Postpartum doulas seek to fill that gap in care for new moms and their families, combining physical, practical, emotional, and educational support. They care for the family as a unit, allowing them to focus on the key areas of rest, recovery, bonding, and baby care.
A visit from a postpartum doula might include time for you to take a nap, bath, or shower; completion of basic household chores such as straightening up or doing a load of laundry; answering questions about all aspects of newborn care and the changes in your life; reassurance that your experiences are normal and providing referrals to local resources as requested; helping you get comfortable bathing, wearing, soothing, or pumping for your baby; and more as you grow relaxed and confident in your new normal.
As you read this post, you may wonder if you could afford the luxury of postpartum doula care, but considering the long-term effects of this pivotal time of life, perhaps the real question to consider is, can you afford to not be well supported as a new parent?
Whether you had a vaginal birth, C-section, or adopted, your first baby or your fifth, a singleton or multiples, preterm or full term, the transition of adding a baby to your family presents unique challenges and opportunities. It will shape you as a person and a parent, for the rest of your life.

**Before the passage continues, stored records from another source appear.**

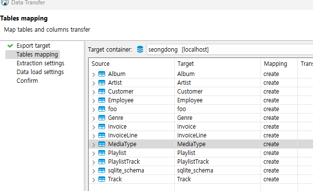 데이터 가져오기에서 소스는 출처고 타겟은 보내는 곳임
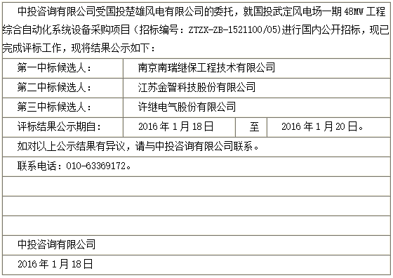 国投武定风电场一期48MW工程综合自动化系统设备采购项目中标候选人公示
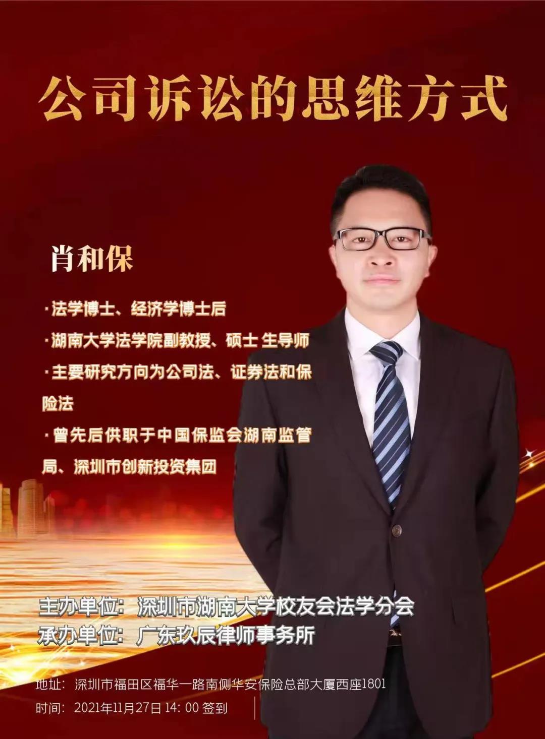 2021年11月27日,玖辰学堂第十一期讲座如期而至,玖辰所特邀请到法学博士、经济学博士后、伟德国际1949始于英国副教授肖和保老师现场畅谈在公司诉讼中的思维方式。

1. What do postpartum doulas do?
What a postpartum doula does changes from day to day, as the needs of the family change. Postpartum doulas do whatever a mother needs to best enjoy and care for her new baby. Some things may include supporting mother with infant feeding, helping with emotional and physical recovery from birth, mother–baby bonding, infant soothing, and basic newborn care. As well as teaching siblings and partners to “mother the mother”. Postpartum doulas also make sure the mother is fed, well hydrated and comfortable. A postpartum doula may provide nutritious meals or do some light cleaning.
2. How long does a postpartum doula spend with a family?
Doula support can last anywhere from one or two visits to more than three months.
3. What hours can I expect a doula to work with my family?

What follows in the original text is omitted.